The Public Accounts Committee (PAC) found that since it was set up in April 2014 the CCS has “failed to consistently deliver quality services to departments, and progress with centralising procurement has been slow”.
Whereas it was expected to be managing £13bn worth of spend on behalf of all 17 departments by now, it is in fact only managing £2.5bn of spend on behalf of seven departments.
And now a new target has been set for all departments to fully centralise common spending with the CCS by 2020.
The report said it had experienced severe difficulties in the programme to transfer procurement from departments and was yet to make the business case for how it would add value to departments.

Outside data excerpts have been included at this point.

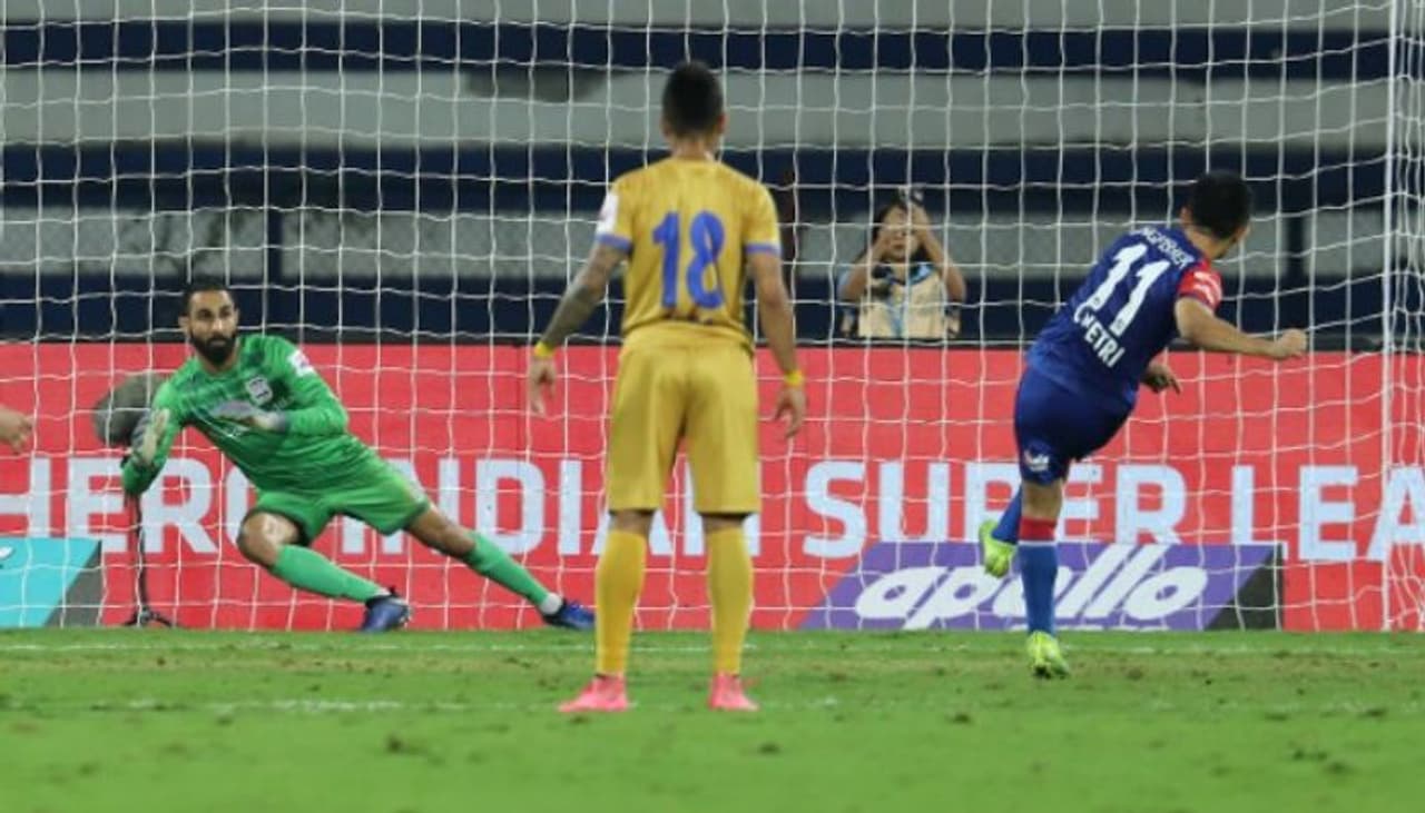 There was late drama as Sarthak Golui handled the ball inside the box and conceded a penalty in the 89th minute. Chhetri stepped up and smashed home from 12 yards to make it 2-2.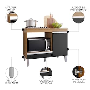O Balcão de Cozinha Para Cooktop e Forno Microondas Carla Amêndoa/Preto, vai trazer charme e modernidade pra sua Cozinha, pois é um móvel prático e funcional!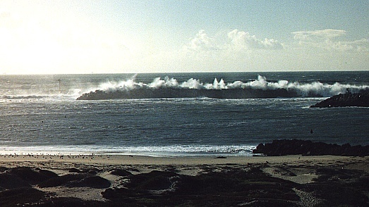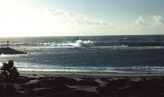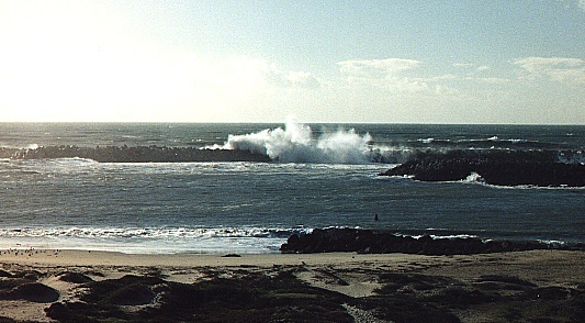 Once upon a time, a long, long time ago, the Winter surf would pound these shores after heavy rains had filled in sandbars in the entrance to this harbor. Those with keen interest used to take off in front of the South Jetty (left in the photos) and ride into the harbor. This was just about the time when the surf leash came into being, although these rock-strewn coasts were holdouts against that invention. |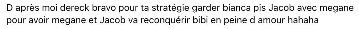 Ce choix fut surprenant considérant que durant la Casa Amor on n’a pas vu trop de rapprochements entre Jacob et la femme de 19 ans. C’est plutôt envers Derek que cette dernière avait des intérêts.

And the service was accused of consistently overpromising what it could achieve to customers, weak communication and poor implementation of transition, often caused by poor governance and control.
Giving evidence to the PAC, Malcolm Harrison, chief executive of the CCS, admitted many of its problems had been caused by rushed spend aggregation.
Meanwhile, the Cabinet Office (CO) came under fire for failing to see the issues with the CCS’s performance early enough and acting “three to six months too slowly”.
One of the committee’s recommendations was that the CO should identify the factors that have caused its previous programmes to centralise services to fail and improve tracking of progress in the future.
However, while the CCS admitted its original targets had been overly ambitious it still believes that it can generate savings of 10% on average on all spend on common goods and services.
And the report said departments must understand the savings that can be achieved from centrally purchasing common goods and services and transfer appropriate spending to CCS as soon as possible.
The CO and CCS have been ordered to report back to the committee by October 2017 on the plans they have agreed with individual departments to fully centralise spending on common goods and services 2020.
According to the report the service lacked detailed plans from the beginning on how it would collaborate with departments and thus failed to gain their confidence.
One of the reasons for this poor performance was lack of a robust management information system to assess service delivery.
“CCS has recently started to invest in new systems to improve its data quality, which it believes will resolve some of the issues,” said the report.
While the report recommended the service publish key performance indicators it said that its management of procurement frameworks remains unsatisfactory.
“CCS has been unable to demonstrate its frameworks are the best in the market and there are signs that it does not manage the frameworks well,” said the report.
“CCS does not benchmark the prices it achieves on its contracts, so it cannot tell whether the end users achieve the best prices.”
In several cases, it continued to use expired frameworks, which contravene public procurement law and exposes the government to potential legal challenges.